>>
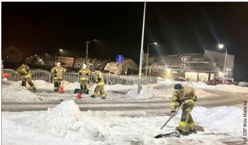
Dzięki nim jest bezpieczniej. Strażacy pomagają zimą

Zimowa aura potrafi dać się we znaki – opady śniegu, mróz i oblodzenia sprawiają, że codzienne funkcjonowanie staje się trudniejsze, a poruszanie się po chodnikach i drogach bywa niebezpieczne. To właśnie w takich momentach szczególnie widać, jak ważną rolę odgrywają strażacy ochotnicy, gotowi do działania nie tylko podczas pożarów czy wypadków, ale także w codziennych, zimowych sytuacjach.
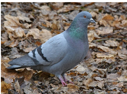
Сизый голубь Columba livia Rock Dove
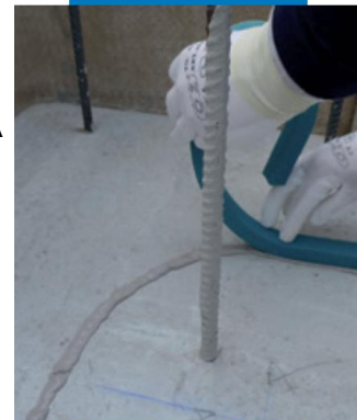
Полагане на Idrostop Soft по хоризонтални повърхности

Всички съответни справки за продукта са налични при заявка и на интернет адрес www.mapei.com
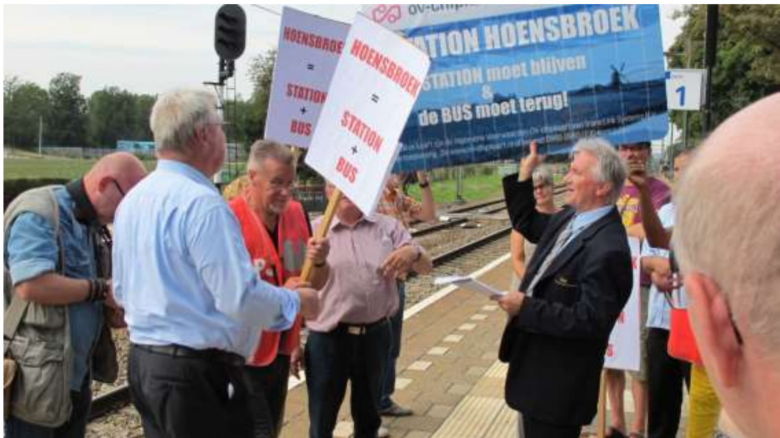
Eerder dit jaar boden buurtbewoners al een petitie aan wethouder Aarts aan.
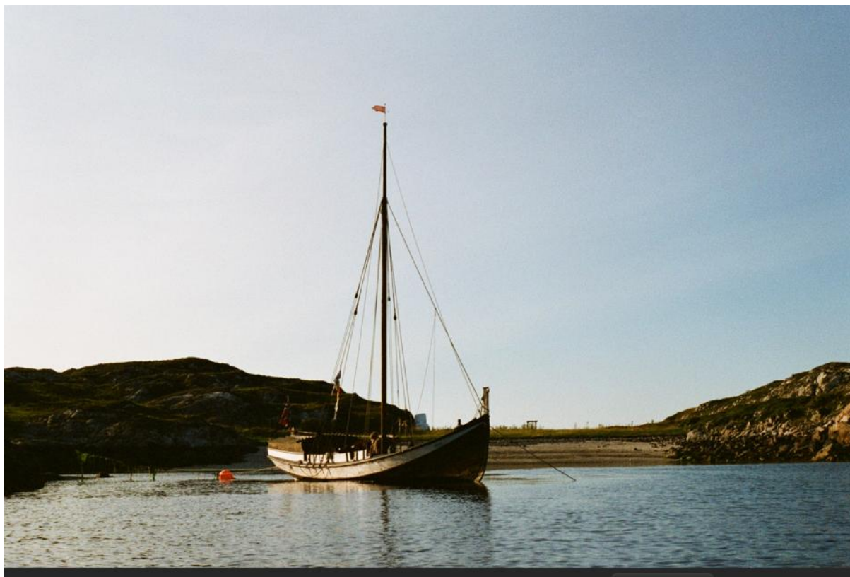
Hemmelig bukt med sandstrand på Inntian (Frøya), lokalt kjent som paradisbukta
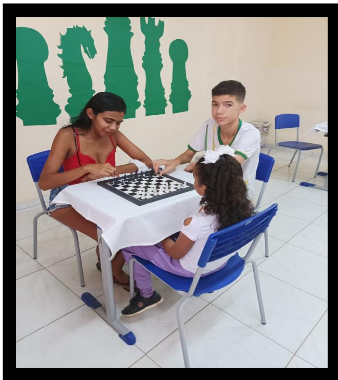
Imagem 3: Aluno do 7º ano ensina mãe e filha a jogarem Xadrez.
<<
> PROBLEM TO SOLVE
Everything in the material must be duplicated exactly, except the pictures.

> SOLVED PROBLEM
Dzięki nim jest bezpieczniej. Strażacy pomagają zimą

Zimowa aura potrafi dać się we znaki – opady śniegu, mróz i oblodzenia sprawiają, że codzienne funkcjonowanie staje się trudniejsze, a poruszanie się po chodnikach i drogach bywa niebezpieczne. To właśnie w takich momentach szczególnie widać, jak ważną rolę odgrywają strażacy ochotnicy, gotowi do działania nie tylko podczas pożarów czy wypadków, ale także w codziennych, zimowych sytuacjach.
Сизый голубь Columba livia Rock Dove
Полагане на Idrostop Soft по хоризонтални повърхности

Всички съответни справки за продукта са налични при заявка и на интернет адрес www.mapei.com
Eerder dit jaar boden buurtbewoners al een petitie aan wethouder Aarts aan.
Hemmelig bukt med sandstrand på Inntian (Frøya), lokalt kjent som paradisbukta
Imagem 3: Aluno do 7º ano ensina mãe e filha a jogarem Xadrez.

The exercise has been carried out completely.